What this calculator does
This tool models an object falling from rest under gravity while experiencing quadratic (velocity-squared) air resistance. Given the elapsed fall time, it returns how far the object has fallen and how fast it is moving, both in m/s and km/h. The model is universal physics and applies anywhere.
How to use it
Enter the object's mass (kilograms or grams), the fall time in seconds, the lumped air-resistance coefficient k in kg/m, and the gravitational acceleration g (default standard gravity 9.80665 m/s2). Press calculate to get the fall distance and speed.
The formula explained
The equation of motion is \(m\cdot\frac{dv}{dt} = m\cdot g - k\cdot v^2\). Starting from rest this has the closed-form solution:
$$v(t) = \sqrt{\frac{m\cdot g}{k}}\cdot\tanh\!\left(\sqrt{\frac{g\cdot k}{m}}\cdot t\right) \quad\text{and}\quad h(t) = \frac{m}{k}\cdot\ln\!\left(\cosh\!\left(\sqrt{\frac{g\cdot k}{m}}\cdot t\right)\right).$$
The terminal velocity is \(v_{\text{terminal}} = \sqrt{\frac{m\cdot g}{k}}\), the maximum speed the object approaches. The characteristic rate is \(a = \sqrt{\frac{g\cdot k}{m}}\). For large \(a\cdot t\) the speed saturates at terminal velocity. If \(k = 0\) the model reduces to drag-free free fall: \(v = g\cdot t\), \(h = 0.5\cdot g\cdot t^2\).
Worked example
For \(m = 72\) kg, \(t = 40\) s, \(k = 0.24\) kg/m, \(g = 9.80665\) m/s2: $$v_{\text{terminal}} = \sqrt{\frac{72\cdot 9.80665}{0.24}} = 54.23\ \text{m/s},$$ $$a = \sqrt{\frac{9.80665\cdot 0.24}{72}} = 0.1808\ \text{/s},\quad a\cdot t = 7.232.$$ Then $$v = 54.23\cdot\tanh(7.232) = 54.24\ \text{m/s} = 195.26\ \text{km/h},$$ and $$h = \frac{72}{0.24}\cdot\ln(\cosh(7.232)) = 300\cdot 6.539 = 1961.7\ \text{m}.$$ The object has essentially reached terminal velocity.
FAQ
What is the coefficient k?
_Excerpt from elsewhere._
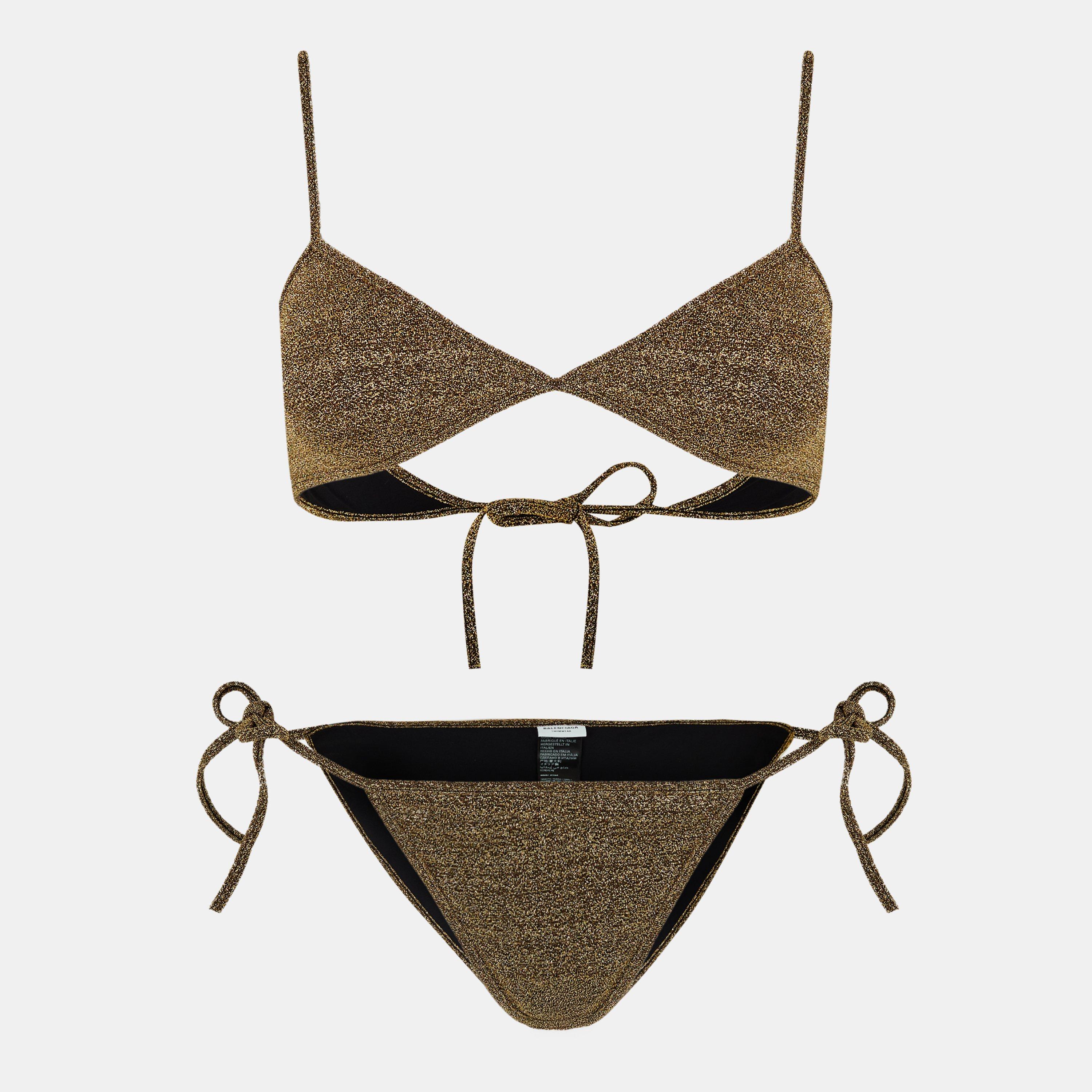 Balenciaga women's bikini set features clean lines and a streamlined design. The minimalist shape offers a contemporary look while providing the comfort expected from quality swimwear.

It is a lumped drag coefficient with units kg/m, so that \(k\cdot v^2\) yields a force in newtons. It bundles air density, the drag coefficient and cross-sectional area.
Why does speed stop increasing? Drag grows with \(v^2\); once drag balances weight the net force is zero and the object falls at constant terminal velocity.
Can I set k to zero? Yes — the calculator falls back to the classic drag-free formulas \(v = g\cdot t\) and \(h = 0.5\cdot g\cdot t^2\).